2. Kekuasaan Laki-laki Atas Perempuan
            Dari sisi pemaknaan, pemberitaan media massa juga tidak seimbang antara pemaknaan ruang publik laki-laki dan ruang piblik perempuan. Ketika pemberitaan media massa menyangkut persoalan laki-laki, maka media massa menyorotinya sebagai pahlawan karena masyarakat membutuhkan mereka. Namun ketika sorotan media massa pada persoalan perempuan, terkesan maknanya sebagai pelengkap pemberitaan pada hari itu. Persoalan menjadi serius ketika pmberitaan media massa menyangkut sisi-sisi aurat perempuan makna pemberitaannya justru menjadi konsumsi laki-laki, maka disitu terkesan bahwa perempuan sedang dieksploitasi sebagai sikap ketidakadilan terhadap perempuan dan bahkan kekerasan terhadap mereka.
D. Kekerasan dan Sadisme
            Kekerasan media massa bisa muncul secara fisik maupun verbal bagi media televisi, dari kekerasan dengan katat-kata kasar sampai dengan siaran-siaran rekonstruksi kekerasan yang dapat ditonton di televisi. Bentuk kekerasan dan sadism media massa dengan modus yang sama di semua media lebih banyak menonjolkan kengerian dan keseraman di mana tujuan pemberitaan itu sendiri.

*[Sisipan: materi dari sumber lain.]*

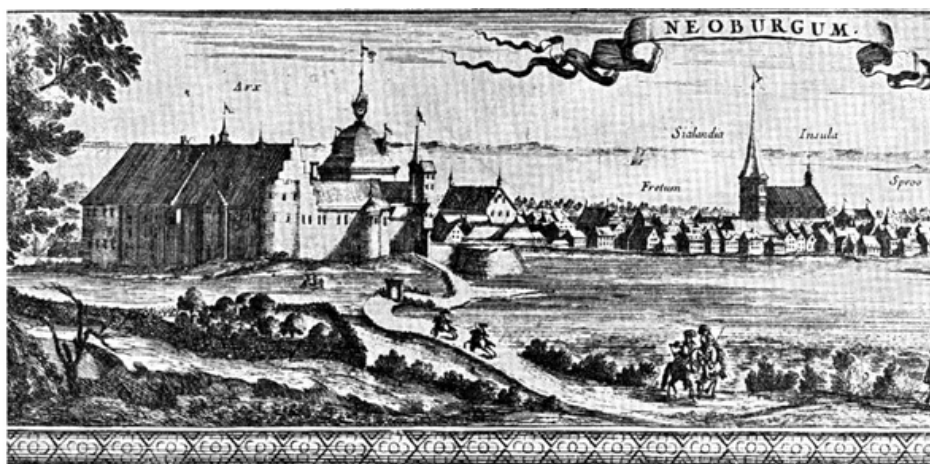
Nyborg Slot med nærmeste omgivelser i 1659.

Denne lærervejledning er udarbejdet med det formål at støtte lærere og elever i Nyborg og Kerteminde Kommuner i forbindelse med deltagelse i jubilæumskonkurrencen om Nyborg som residensby 1525. Vejledningen indeholder inspiration, historiske fakta og praktiske råd, der kan hjælpe med at skabe et unikt kunstværk, som formidler historien om Nyborg som kongens residensstad.
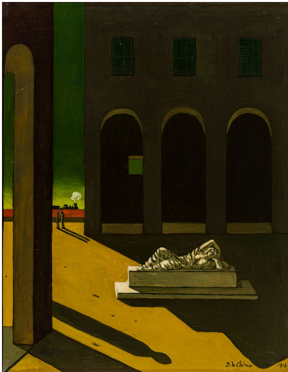
Giorgio De Chirico, Piazza d'Italia con Arianna, metà anni '40. Olio su tela, 62,7 x 49,8 cm.
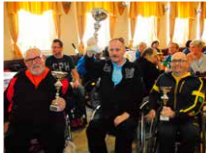
Ligaški prestol je osvojila ekipa DP Ljubljana.
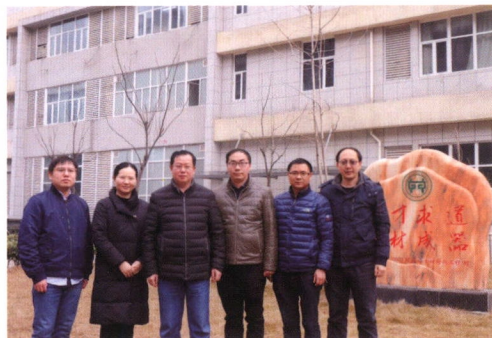
纳米能源材料与器件

            Kejahatan di media massa terdiri dari beberapa macam, seperti (1) kekerasan terhadap diri sendiri, seperti bunuh diri, (2) kekerasan kepada orang lain, seperti menganiaya orang lain, (3) kekerasan kolektif, seperti perkelahian missal, (4) kekerasan dengan skala yang lebih besar, seperti peperangan dan terorisme.
E. Pembunuhan Karakter
            Pembunuhan karakter adalah juga kekerasan terhadap orang lain, karena tidak seorang pun berhak menghalangi seseorang untuk berkarya mengekspresikan diri dan mengembangkan karakternya di masyarakat. Bagi media massa yang menggunakan paradigm war journalism pembunuhan karakter ini adalah model produksi jurnalisnya, tanpa memandang apa pun akibat dari pemberitaannya bagi semua pihak.
F. Tayangan dan Pemberitaan Yang Tidak Bermutu
            Media massa juga acapkali menayangkan atau memberitakan informasi-informasi yang tidak bermutu dan tak bermanfaat bagi masyarakat. persoalan axiologi informasi menjadi sangat penting ketimbang persoalan epistemoligi-nya, karena pertanyaan mengapa harus tayangan itu yang disiarkan, mengapa tayangan semacam ini yang blow up media habis-habisan, padahal tayangan itu tak memberi apa-apa bagi masyarakat kecuali masyarakat mengonsumsi sifat-sifat buruk dari informasi itu, menjadi pertanyaan yang sangat mendasar dalam paragraf ini.